Part 2: End-to-End Example (Polyimide)
To demonstrate how these APIs are chained together in a real-world scenario, we walk through the polyimides.py example script. This script utilizes the compiler to build a cross-linked polyimide network.
The Complete Script
Here is the complete code for the end-to-end workflow. You can copy and run this directly if you have the required pre-equilibrated XML file.
from domd_tools import create_cg_system, build_aa_topology, assign_ff_parameters, get_gmx
from misc.logger import logger
logger.setLevel('INFO')
# 1. Chemical Definition
smiA = 'Nc1ccc(Oc2ccc(N)cc2)cc1'
smiB = 'O1C(=O)c2cc(Oc3cc4C(=O)OC(=O)c4cc3)ccc2C1=O'
mols = {
'A': {'smiles': smiA, 'file': None},
'B': {'smiles': smiB, 'file': None},
}
reaction_template = {
'B-A': {
'cg_reactant_list': [('A', 'B')],
'smarts': '[#7H2:1].[#6:3](=[#8:4])[#8:2][#6:5]=[#8:6]>>[#6:3](=[#8:4])[#7:1][#6:5]=[#8:6].[#8:2]',
'prod_idx': [0]
}
}
# 2. CG Pre-equilibrium (Optional if pre-equilibrated XML is provided)
"""
meta1 = {'type': ['A','B']*10, 'bond': '0-1,1-2...', 'N': 20, 'is_rigid': False, 'is_angle': True}
meta2 = {'type': ['A','B']*5, 'bond': '0-1,1-2...', 'N': 20, 'is_rigid': False, 'is_angle': True}
create_cg_system(mols, reaction_template, [meta1, meta2])
"""
# We use a pre-equilibrated CG configuration for this example
xmlfile = 'CG_pre_eq/final.xml'
# 3. AA Backmapping
confs, mol_graphs, box = build_aa_topology(mols, reaction_template, xmlfile)
# 4. Force Field Assignment
ffs = assign_ff_parameters(mol_graphs, strategies=['ml'] * len(mol_graphs))
# 5. GROMACS Output
get_gmx(mol_graphs, confs, ffs, box, filename='chemfast')
Step-by-Step Breakdown
Let’s break down what is happening at each stage of the script above.
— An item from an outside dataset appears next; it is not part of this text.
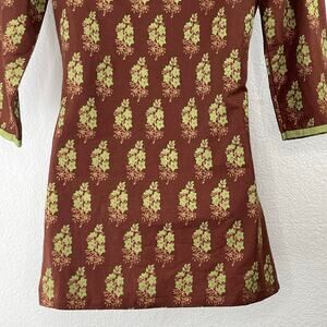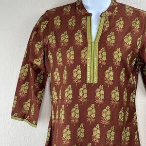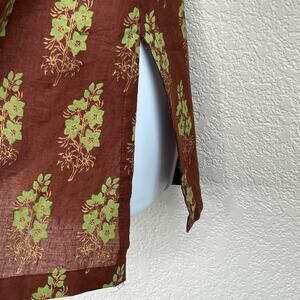 Biba Brown Floral Indian Tunic Top 100% Cotton Split V-Neck 32/US 0-2 NWT

Step 1: Chemical Definition
We start by feeding the script the SMILES of our two constituent monomers (A and B). The reaction_template uses SMARTS to tell the compiler exactly how an amine group on monomer A reacts with an anhydride group on monomer B.
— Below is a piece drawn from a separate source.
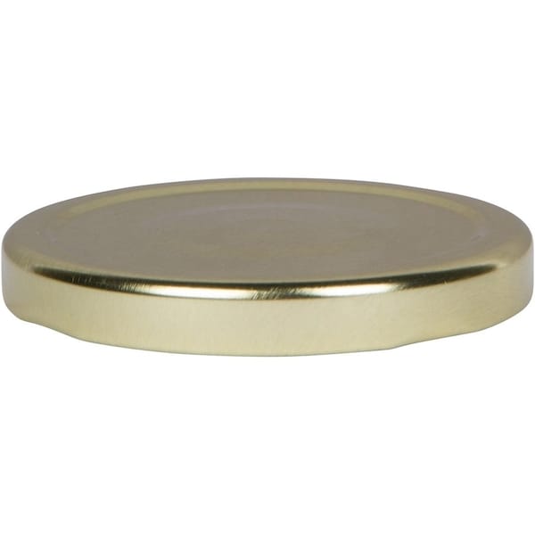 This 70-2030 gold metal lug twist closure has a vacuum button and a plastisol liner. Match this closure to a glass jar with a 70-2030 lug/twist neck finish to package pickles, peppers, sauces and other food products.

Step 2: CG Pre-equilibrium
If starting from scratch, we would define topological blueprints (meta1, meta2) and call create_cg_system to generate a random walk box and predicted HSP parameters. To save computational time in this tutorial, we bypass this and directly load a pre-equilibrated trajectory (CG_pre_eq/final.xml).
Step 3: All-Atom Backmapping
The build_aa_topology() function parses the final.xml box. It reads the coarse-grained positions, applies our SMARTS reaction rules to link the monomers, and embeds the all-atom geometries into the 3D space, returning the coordinates (confs) and the topology maps (mol_graphs).
Step 4: Force Field Assignment
We pass our reconstructed topology graphs to assign_ff_parameters(). By providing the list ['ml'] * len(mol_graphs), we are explicitly instructing the compiler to use the pure Graph Attention Network (GAT) ML model to predict and assign force field parameters for every single molecule in the system.
Step 5: System Export
Finally, get_gmx() takes all the gathered data—the connectivity graphs, the 3D coordinates, the assigned force fields, and the box dimensions—and translates them into formats ready for MD engines.
Outputs Generated:
chemfast.gro: The equilibrated all-atom coordinates.chemfast.top: The complete system topology (atom types, charges, interactions).out_chemfast.xml: Topology and coordinates formatted for PyGAMD/GALAMOST.